Strawl nodded. “What would it change if I took him or didn't?”
Marvin didn't reply and Strawl didn't expect him to. They smoked a little longer in silence. Below, the mastiff announced herself to another yearling that belonged to the Birds. Five minutes later, the branches parted and Raymond Bird appeared. Strawl offered him the pipe and he smoked and smiled. They made room for him to sit. The bulk of the clan arrived half an hour later. They marched in four pairs, each packing a quartered elk strung to a pine pole. Strawl could smell the animal and the men and the blood and simple human residue from a day occupied with tasks enough to make a man feel useful.
“Rutherford Hayes left to Canada,” Raymond said.
Strawl nodded.
“We asked him to stay with us,” Marvin said.
“He's done with people.” Raymond coughed and spat. “I put a deer's hindquarters on his porch once and he tethered that dog to my house a year later. Or paid someone to. Shame he's going.”

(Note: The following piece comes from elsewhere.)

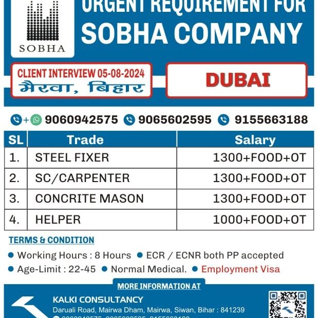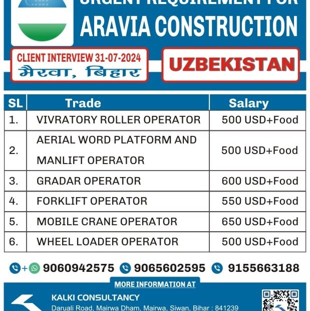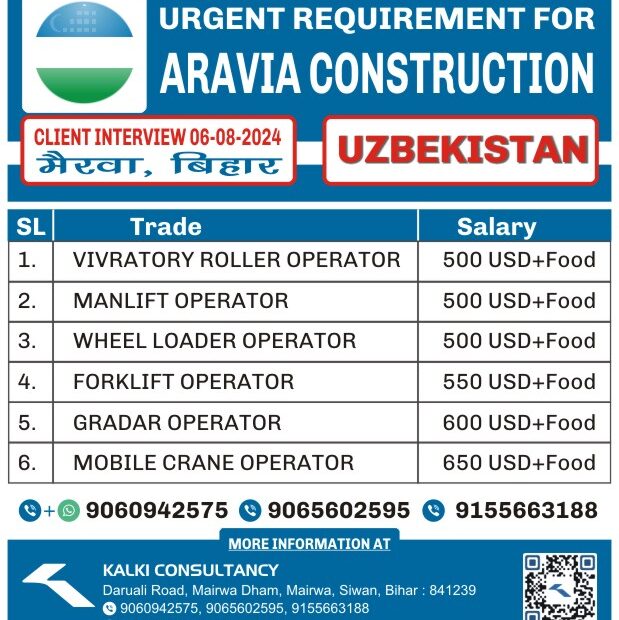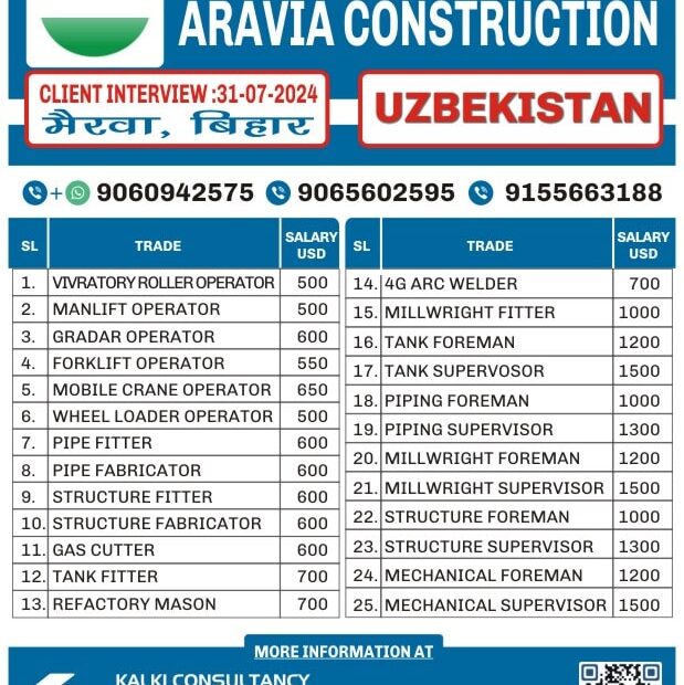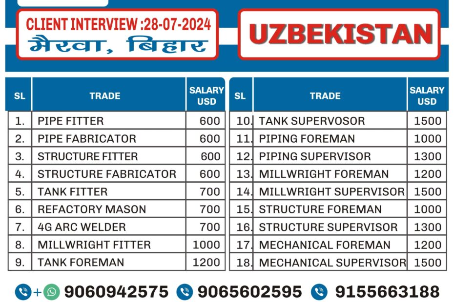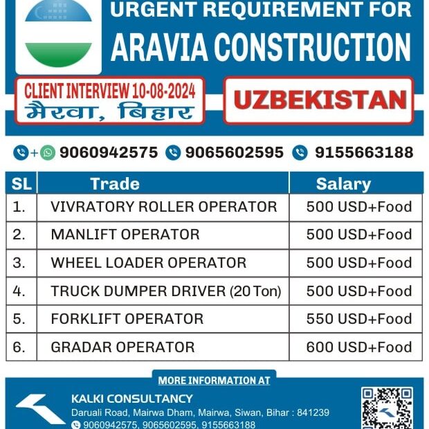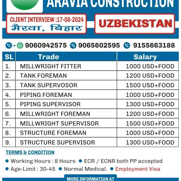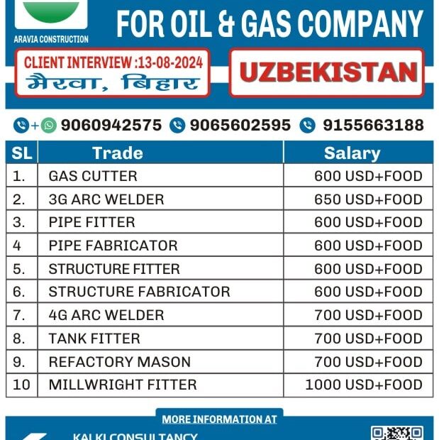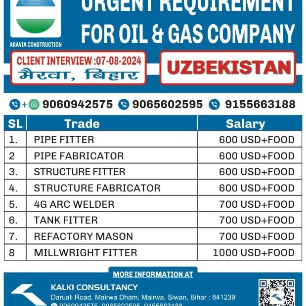 I'm Interested for this jobNot relevant Trade Mobile Number Upload PDF* URGENT REQUIREMENT FOR ARAVIA CONSTRUCTION UZBEKISTAN Client Interview 17-08-2024 SL Trade Salary 1. GAS… Read More »URGENT REQUIREMENT FOR A LEADING COMPANY, UZBEKISTAN – Posted on : 14-08-2024

Raymond unscrewed an army canteen and offered it to Marvin and Strawl, who drank deeply, then returned it to him.
The aroma of the ovens rose to them. Marvin stood. Strawl and Raymond watched him negotiate the trail into the camp. At its foot, he took two pie plates and extended them as if a penitent waiting for a blessing. The women loaded the tins with food, then he hunted spoons and returned.
Strawl thanked him for the plate. He and Raymond ate in silence and finished by cleaning the gravy and grease with a piece of flatbread. Marvin reloaded his pipe with kinnikinnick, but Raymond rolled cigarettes for himself and Strawl.
“There's law coming for him,” Raymond said.
“A ways off yet,” Strawl said. “And they're more likely hunting me. They don't know what for on this issue, and I've put the red ass on the lot of them recently.”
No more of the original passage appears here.